Subject: bcopy optimisations (?).
To: None <port-alpha@netbsd.org>
From: Simon Burge <simonb@netbsd.org>
List: port-alpha
Date: 04/07/2000 14:47:11
Folks,
I've had a play with the alpha bcopy.S in an attempt to try some
unrolled loops to see if it's any faster. I tried loops using 4 longs
per loop (l32), 8 longs per loop (64) and 8 longs per loop with a few
of the stq_u's mixed in a few instructions after the relevent ldq_u's
(l64i).
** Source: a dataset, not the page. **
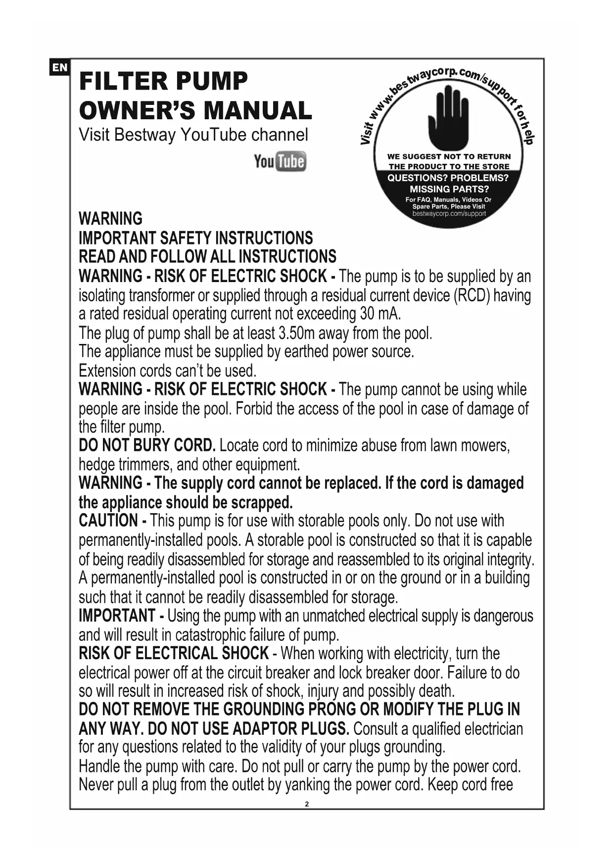 WARNINGIMPORTANT SAFETY INSTRUCTIONSREAD AND FOLLOW ALL INSTRUCTIONSWARNING - RISK OF ELECTRIC SHOCK - The pump is to be supplied by an isolating transformer or supplied through a residual current device (RCD) having a rated residual operating current not exceeding 30 mA.The plug of pump shall be at least 3.50m away from the pool.The appliance must be supplied by earthed power source.Extension cords can’t be used.WARNING - RISK OF ELECTRIC SHOCK - The pump cannot be using while people are inside the pool. Forbid the access of the pool in case of damage of the filter pump.DO NOT BURY CORD. Locate cord to minimize abuse from lawn mowers,hedge trimmers, and other equipment.WARNING - The supply cord cannot be replaced. If the cord is damaged the appliance should be scrapped.CAUTION - This pump is for use with storable pools only. Do not use with permanently-installed pools. A storable pool is constructed so that it is capable of being readily disassembled for storage and reassembled to its original integrity. A permanently-installed pool is constructed in or on the ground or in a building such that it cannot be readily disassembled for storage. IMPORTANT - Using the pump with an unmatched electrical supply is dangerous and will result in catastrophic failure of pump. RISK OF ELECTRICAL SHOCK - When working with electricity, turn the electrical power off at the circuit breaker and lock breaker door. Failure to do so will result in increased risk of shock, injury and possibly death. DO NOT REMOVE THE GROUNDING PRONG OR MODIFY THE PLUG IN ANY WAY. DO NOT USE ADAPTOR PLUGS. Consult a qualified electrician for any questions related to the validity of your plugs grounding. Handle the pump with care. Do not pull or carry the pump by the power cord. Never pull a plug from the outlet by yanking the power cord. Keep cord free from abrasions. Sharp objects, oil, moving parts, and heat should never be exposed to the filter pump. WARNING - This appliance can be used by children aged from 8 years and above and persons with reduced physical, sensory or mental capabilities or lack of experience and knowledge if they have been given supervision or instruction concerning use of the appliance in a safe way and understand the hazards involved. Children shall not play with the appliance. Cleaning and user maintenance shall not be made by children without supervision. (For EU market) WARNING - This appliance is not intended for use by persons (including children) with reduced physical, sensory or mental capabilities, or lack of experience and knowledge, unless they have been given supervision or instruction concerning use of the appliance by a person responsible for their safety. Children should be supervised to ensure that they do not play with the appliance. (For market other than EU) Cleaning and user maintenance must be performed by an adult above 18 years old who is familiar with the risk of electric shock. When the appliance will be not used for a long time, such as in the winter, the pool set should be disassembled and stored indoor. CAUTION - Read the instruction before using the appliance and installation/reassembly every time.The appliance must be placed more than 2m away from the pool. (For France only). Electric installations should follow national wiring rules. Consult a qualified electrician for any questions.Only the media provided or specified by the manufacturer is to be used with product installation.It is essential to check that the suction openings are not obstructed. It is advisable to stop the filtration during maintenance operations on the filtration system.Regularly monitor the filter clogging level.A weekly check is recommended for cleaning.Minimum daily filtration operating time of 8 hours is recommended to ensure clear pool water.It is essential to change any damaged element or set of elements as soon as possible. Use only parts approved by person responsible for placing the product on the market. All filters and filter media shall be inspected regularly to ensure that there is not a build-up of detritus thus preventing good filtration. The disposal of any used filter media should also be in accordance with applicable regulations/legislation.In case of doubt on the pump or any circulation devices, contact a qualified installer, or the manufacturer/importer/distributor. The water circulation installation shall comply with the European as well as national/local regulations, especially when dealing with electrical issues.Any change of valve position, pump size, grille size can cause a change of the flow and the suction velocity can be increased.Mind all the safety requirements and recommendations described in the manual.NOTE: Please examine equipment before use. Notify Bestway at the customer service address listed on this manual for any manufacturing defect or missing parts at the time of purchase. Verify that the equipment components represent the filter pump model that you had intended to purchase.NOTE:Place pump on a solid and level ground. Pay attention to position of pool and pump so adequate ventilation, drainage, and access for cleaning is available. Never place pump in an area that may accumulate water, or in an area where foot traffic will flow around the pool. It is necessary to have the plug accessible after installation of the pool.NOTE: Atmospheric conditions may affect the performance and life span of your filter pump. Unnecessary wear and tear may occur during periods of cold, heat and exposure to sun. Whenever possible shelter pump from these conditions. It is important to ensure the factory equipped stopper plugs for the inlet and outlet ports replace the screens before removal or maintenance on the pump is attempted.NOTE:Do not add chemicals in the filter pump.Don’t plug or unplug the appliance if hand is wet.Always unplug the appliance:• On raining days• Before cleaning or other maintenance• Leave it unattended on holidaysSafekeeping the instruction. For recon

I've also included tests for the libc bcopy.S, a C version that
uses an unrolloed loop of 4 longs (c-l32), and a version of the Linux
Alpha memcpy.c that is C with some embedded _asm()'s. The Linux memcpy
was the only other implementation I could find on the 'Net with a short
web search. Tests were done on an 500MHz AlphaPC164 with a single bank
of memory using the lmbench "bw_mem bcopy" test.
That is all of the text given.